WHATEVER ELSE Jimmy Carter's virtues may be, they do not include scheduling acceptance speeches to meet editorial page deadlines, at least not for the morning newspapers. This is a cruel and terrible practice of course, and one of the few public outrages that did not merit at least a line of remonstrance and a pledge to put it right in the Democratic platform. Maybe this will be remedied next time.
But will there be a next time? Or will there be a Democratic Party? Will it be in ruins -- a government-in-exile living in the hills somewhere? Awaiting a chance to reflect on the president's speech and the nominating convention's finale, it occurs to us that these are questions at least worth considering.
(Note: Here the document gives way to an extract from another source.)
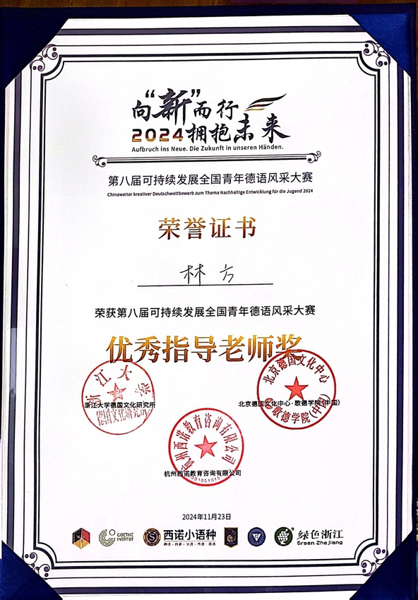 陈最:十分幸运能作为这支小队的一员参加此次德语风采大赛,能够在大赛中获得三等奖,我感到无比的荣幸和感激。除此之外,我也十分享受紧锣密鼓且充满团队合作的备赛过程,从选题到内容,再到展示形式,每一步都倾注了我们团队的努力与智慧。特别是在林方老师的指导下,我们不断优化细节,从容应对挑战。正如杭钢的数字化转型一般,我们迎难而上、砥砺前行,完成了自我的“蝶变”,取得了丰硕的成果。
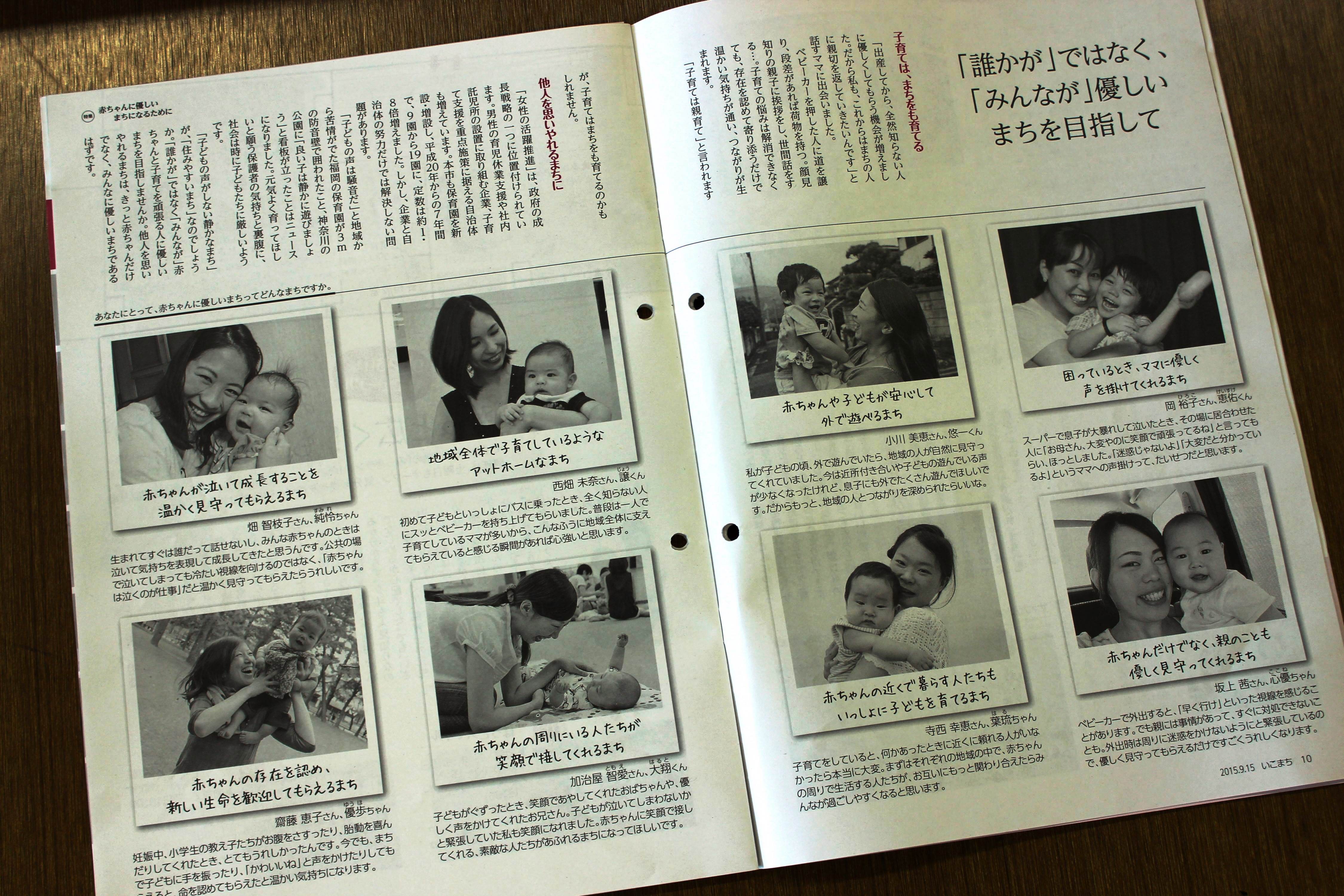 市内で乳児を育てる女性の2人に1人が専業主婦、男性の2人に1人が午後9時以降に帰宅する―という市の現状を受け、子育て中の母親ら30人を取材。「子供が泣くとにらまれる」「ベビーカーを押す隣を車が猛スピードで通り過ぎる」―など、母親たちの悩みを取り上げたほか、親子が笑顔で触れ合う写真も多数掲載。「行政や企業の努力だけでは子育てに優しいまちは実現しない。みんなで他人を思いやれるまちにしよう」と提起した。

The dire view of the Democrats' immediate destiny, or its lack of one, is based on the theory that Carter-Mondale, the ticket, has got loser written all over it.
The problem with this reading is that the president and the vice president did get renominated against rather heavy odds. It was a premise of those who opposed Mr. Carter on the "open convention" question, that in fact the poor Democratic voters who cast their lot with him in the caucuses and primaries had been, somehow, misled or at least confused. They had been made to reach a choice they didn't understand on the basis of information and expectations that didn't prove out.
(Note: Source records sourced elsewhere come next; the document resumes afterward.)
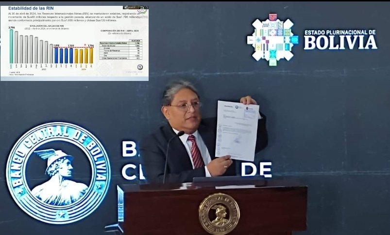 El Banco Central de Bolivia en conferencia de prensa brindo informe sobre las reservas internacionales netas al mes de abril de la presente gestión, reportando 1796 millones de dólares registrando un incremento de 88 millones de dólares respecto a la gestión pasada.
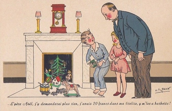 - Ha ! Ce vin d'Arbois me grise Père Noël ! Il est très bon ! Mais vous devez être plein de bleus a force de passer par les cheminées ?
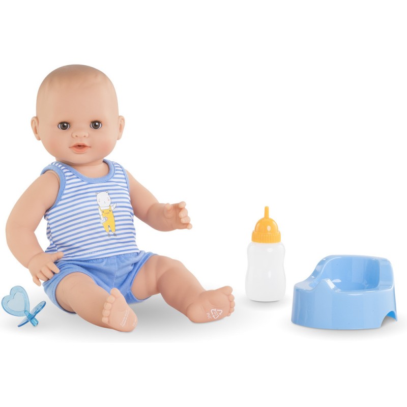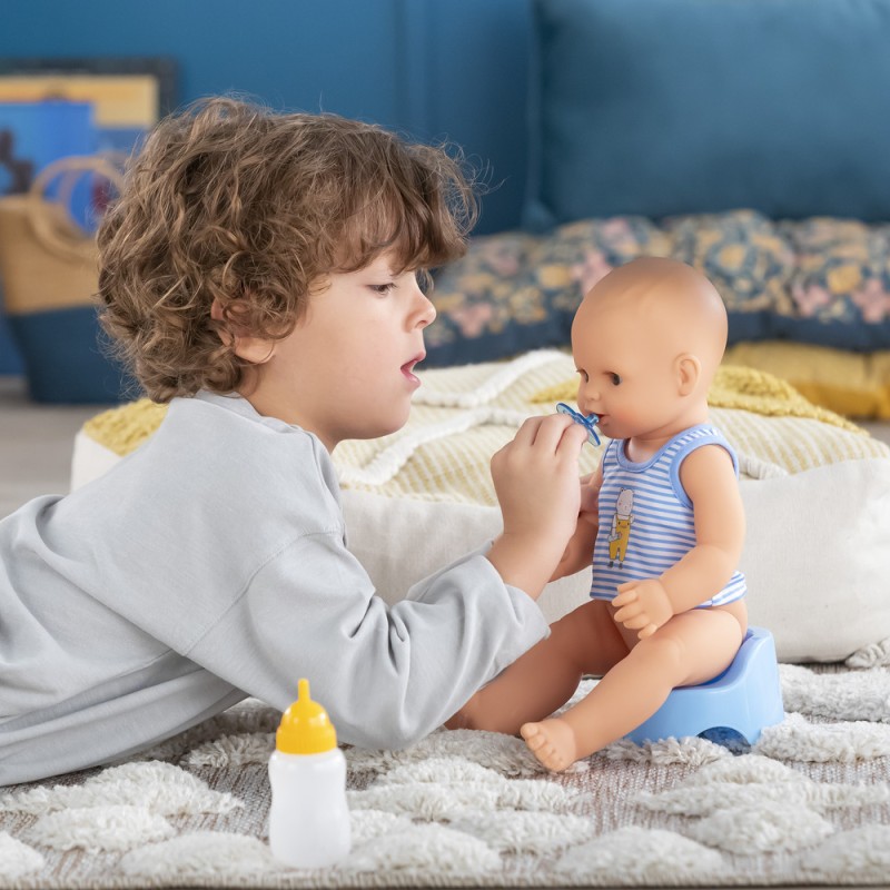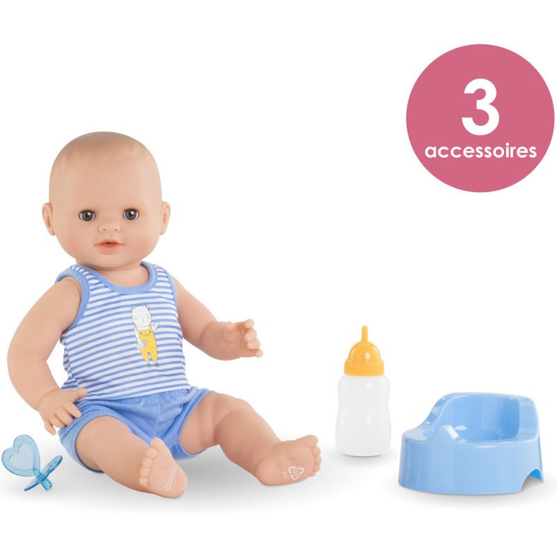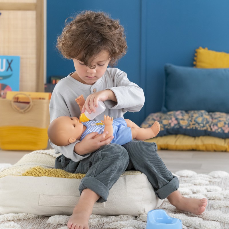 Avec ses 3 accessoires inclus (son pot, son biberon à remplir et sa tétine), ce grand poupon sexué garçon de 36 cm :
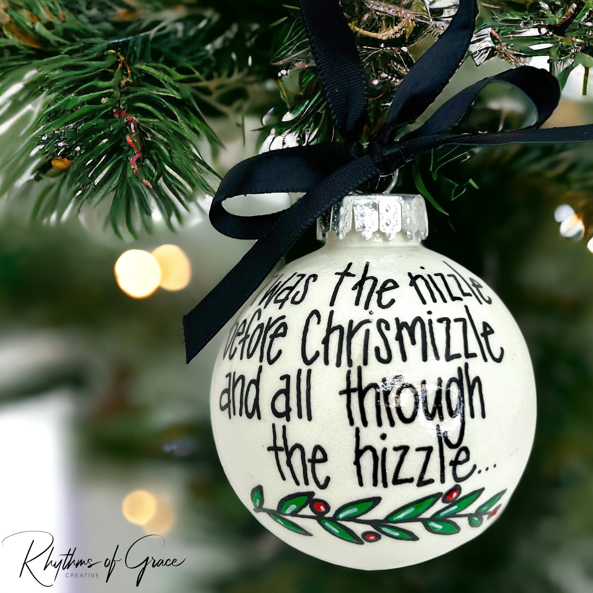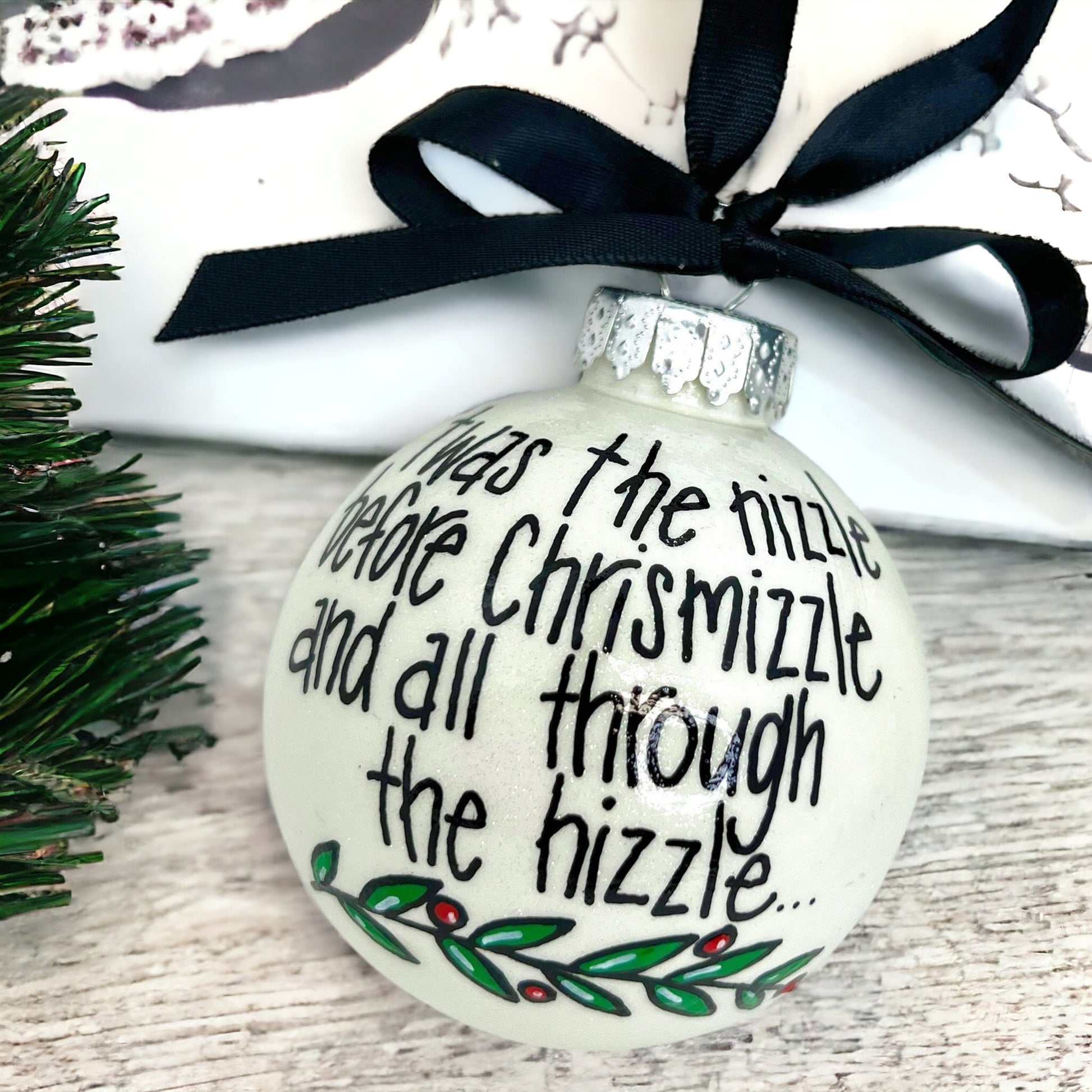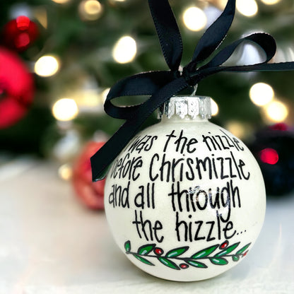 Add a little humor and flair to your holiday decor with this fun and trendy ornament: “‘Twas the night before Chrismizzle and all through the hizzle.” Perfect for anyone who loves a little slang in their holiday celebrations!
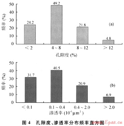 據(jù)大量樣品統(tǒng)計(jì),孔隙度、滲透率變化較大:孔隙度為0.8%~20.2%,其中孔隙度為4%~8%的樣品占49.2%,孔隙度為8%~12%的樣品占21.8%,大于12%的樣品占4.8%;滲透率為(0.01~2755)×10-3μm2,其中滲透率為(0.1~0.4)×10-3μm2的樣品占40.5%,(0.4~2)×10-3μm2的樣品占20.9%,滲透率大于2×10-3μm2的樣品僅占6.9%(圖4)。
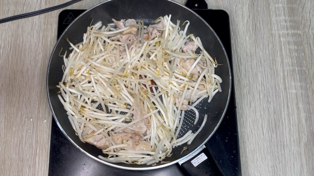 豚バラの脂がフライパンに広がったら、もやしを一気に投入します。最初は量が多く見えますが、問題ありません。

But there is no explaining away the Carter-Mondale victory over Sen. Kennedy and the other competition that occurred along the route to New York. And you really have to give the president and the vice president that. There were some moves and gestures that were pretty cynical, raw. And there was a lot of pretending to political disinterest when campaigning was the purpose at hand. But there were also shrewdness of tactics and coolness of nerve and a bunch of right decisions toward the end that successfully wrapped up renomination.
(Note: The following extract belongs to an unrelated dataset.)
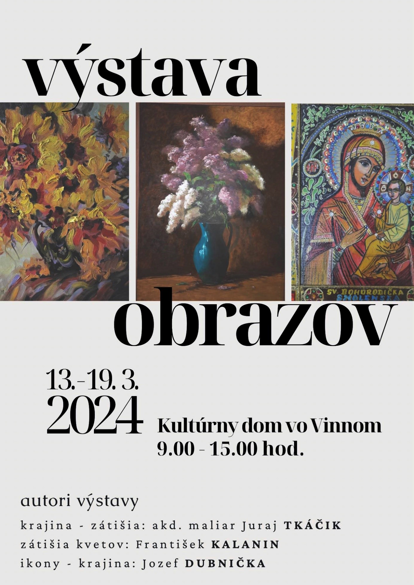 V piatok 19.3.2024 sa v dopoludňajších hodinách stretli naši klienti v kultúrnom dome v obci Vinné, aby sa zúčastnili na výstave obrazov akad. maliara Juraja Tkáčika, Jozefa Dubničku a Františka Kalanina. Cieľom nášho stretnutia bolo vnímať umelecké diela, porovnávať rôzne techniky a námety komornej maľby, ako aj srdečne debatovať s autormi vystavaných diel. Našim úsilím je snaha pomáhať klientom a poskytovať im radosť pôsobením umenia.
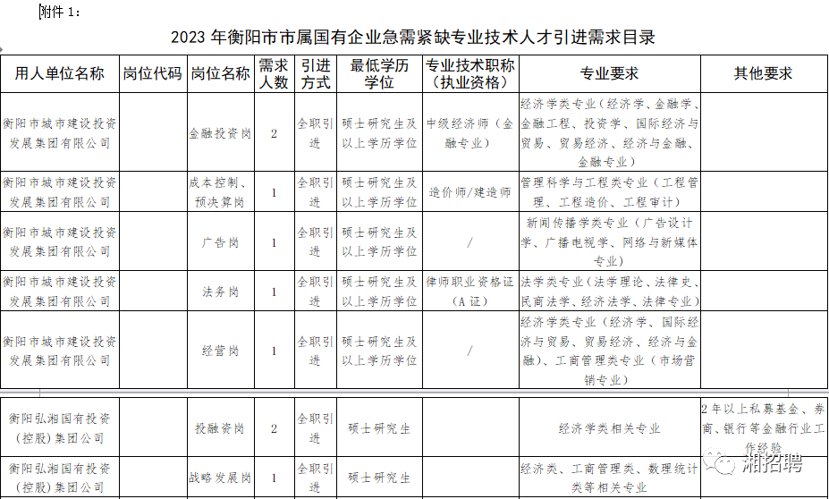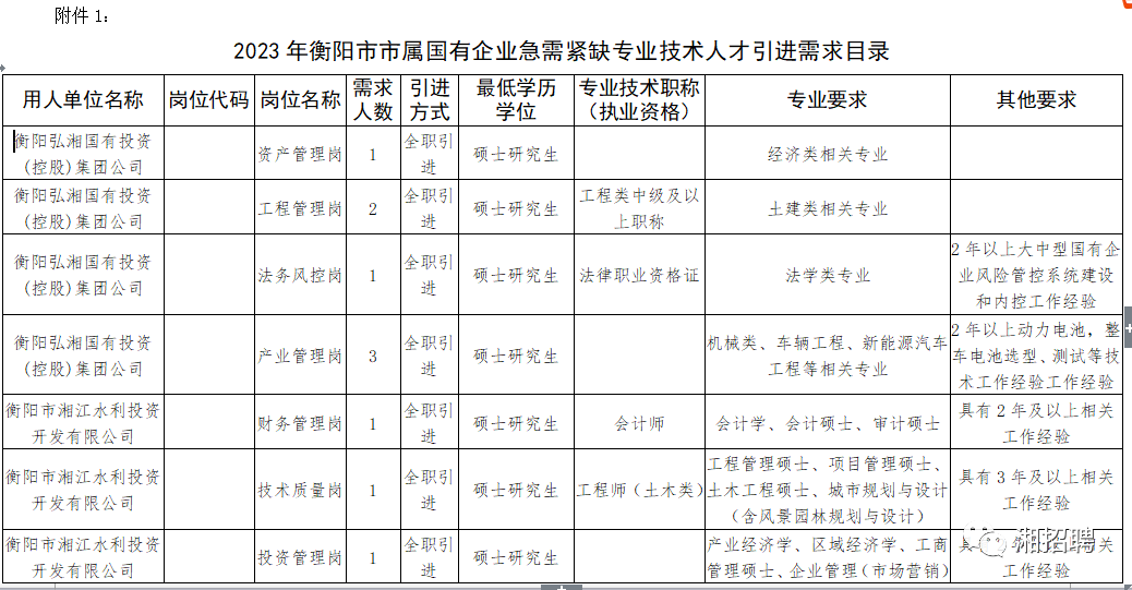 根据《衡阳市市属企事业单位人才引进实施办法》(衡人才办通〔2022〕4号)、《衡阳市关于发布2023年度高层次和急需紧缺专业技术人才引进需求目录和引才活动有关事项的公告》和衡阳市国资委《关于印发<衡阳市市属国有企业人才引进实施办法>的通知》(衡国资〔2022〕46号),经中共衡阳市委人才工作领导小组办公室同意,衡阳市国资系统3家市属国有企业决定面向社会公开引进一批急需紧缺专业技术人才。现将有关事项公告如下:坚持公开、平等、竞争、择优原则。实行岗位公开、自愿申报、择优选拔。衡阳市国资委监管3家市属国有企业计划引进19人(岗位详情见附件1),其中:衡阳市城市建设投资发展集团有限公司计划引进6人,衡阳弘湘国有投资(控股)集团有限公司计划引进10人,衡阳市湘江水利投资开发有限公司计划引进3人。

Sen. Kennedy's loss, once a seeming impossibility, owed something -- much -- to his own mistakes and weaknesses of his political position. But even when you have said that, you must concede that it also was primarily the result of his being outcampaigned and outwitted, and that he was a victim of that ancient truism: winning is coming in first. It is true that the president and Mr. Mondale are low in the polls, and, to judge from all the comment printed, broadcast and spluttered privately, something other than America's sweethearts just now. But the fact is worth noting as the campaign at long last begins to get down to serious Republican v. Democratic business: Houdini and his running mate, merely by the act of being renominated, have given evidence that it is foolhardy to write them off completely on the basis of uniformly negative polls.